How Raglan (Manu Bay) Works
Waikato, New Zealand · part of the Raglan (Manu Bay) spot guide
Manu Bay is the best-known section of the Raglan point system — a two-kilometre chain of linked left-hand points on a single rock headland on New Zealand’s west coast, and one of the longest left-hand walls on Earth, immortalised in the 1966 film "The Endless Summer." A clean southwest groundswell peels in sequence through Indicators, Whale Bay and Manu Bay.
| Zone | Approx. depth | What happens here |
|---|---|---|
| Outer approach / Indicators takeoff | 12–20 ft | Where wrapping SW groundswell first feels the point and begins to bend; longer-period sets stand up here first |
| Point shoulder / walling reef | 6–12 ft | The boulder reef along the headland that holds the long peeling wall |
| Manu Bay takeoff ledge | 4–8 ft | A ledgy rock step that jacks the wave — hollow on lower tide, fuller on high |
| Inside / boat-ramp end | 2–6 ft | A shallow boulder shelf where the ride tapers, with exposed rock at low tide |
The headland points southwest into the incoming Tasman and Southern Ocean swell. Long-period southwest groundswell refracts around the rock point, bending its crest to follow the shoreline, which converts open-ocean energy into a slow, ordered, downcoast-peeling left rather than a closeout — the mechanism behind Raglan’s reputation. On an aligned day a surfer can connect Indicators through Manu to Whale Bay in one ride of 800 metres and more. The bottom is volcanic rock and rounded boulders, so booties are standard and it is an intermediate-to-expert wave largely because of the rock.
There is no local buoy — the nearest is thousands of km away — so Raglan is forecast off models. Because the swell wraps the point, the breaking face is typically smaller than the raw open-ocean height but far more organised and longer: the point trades height for length and holds size where beaches close out.
Raglan (Manu Bay) wave mechanics — FAQ
Why is Raglan called the world’s longest left?

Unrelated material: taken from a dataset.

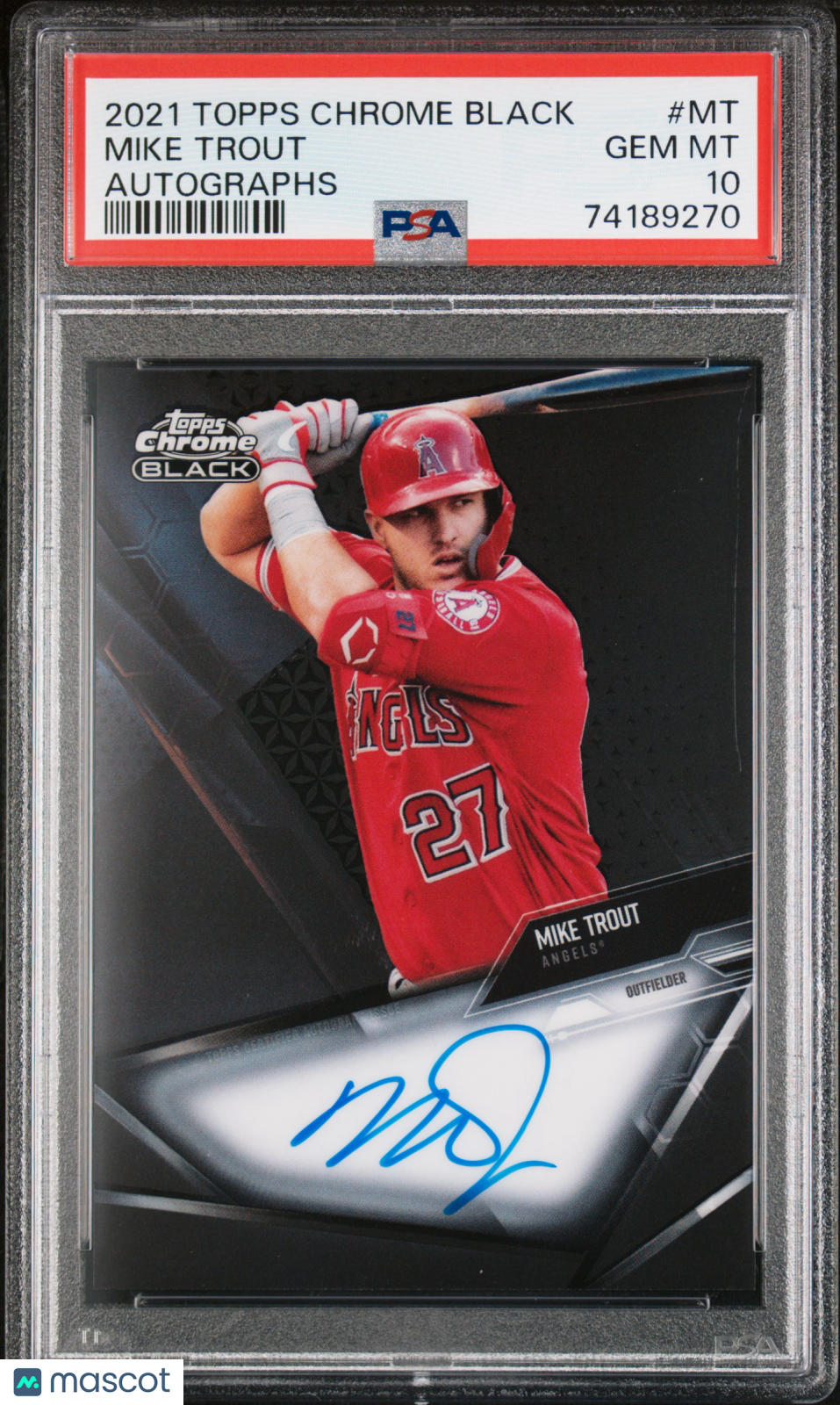 2021 Topps Chrome Black Autographs Mike Trout #MT PSA 10 Don’t miss your chance to own this stunning 2021 Topps Chrome Black Autographs Mike Trout #MT, graded PSA 10 and autographed by the superstar himself! This card is a must-have for any serious baseball or Mike Trout collector, featuring a perfect grade and authenticated signature with PSA certification. With a population of only 25 and none graded higher, this is a rare opportunity to add a true gem to your collection. This card comes from the highly sought-after Topps Chrome Black Autographs set and is officially certified by Professional Sports Authenticator (PSA), making it an investment-grade collectible. Secure this exceptional piece of baseball history today before it’s gone—Mike Trout autographs in this condition are in high demand! Autographed: Yes Set: 2021 Topps Chrome Black Autographs Signed By: Mike Trout Certification Number: 74189270 Grader: Professional Sports Authenticator (PSA) Player/Athlete: Mike Trout Year Manufactured: 2021 Grade: 10 Graded: Yes Sport: Baseball Population Higher: 0 Manufacturer: Topps Population: 25 Card Number: MT Listed With Mascot.

Manu Bay is one of three linked left-hand points on a single southwest-facing rock headland. Long-period southwest groundswell wraps around the point and peels in order through Indicators, Whale Bay and Manu Bay, so on an aligned day you can ride 300-to-500 metres at Manu alone, or 800 metres and more connecting all three. It was immortalised in the 1966 film "The Endless Summer."
What’s the ideal setup?
A southwest-to-west-southwest groundswell from about 225–250° with a long period around 14-to-16 seconds, open-ocean height around one-and-a-half to two-and-a-half metres, and a light east or southeast offshore wind. Mid tide is the safe all-round choice; drop lower for barrels, go higher for size and to connect the full point.
Is the size number the wave I’ll surf?
No — forecast height is the open-ocean swell height, not the breaking face. Because the swell wraps the point, the face you surf is usually smaller than the model height but much longer and more organised. The point holds up to about 12 feet and keeps producing makeable walls when open beaches close out.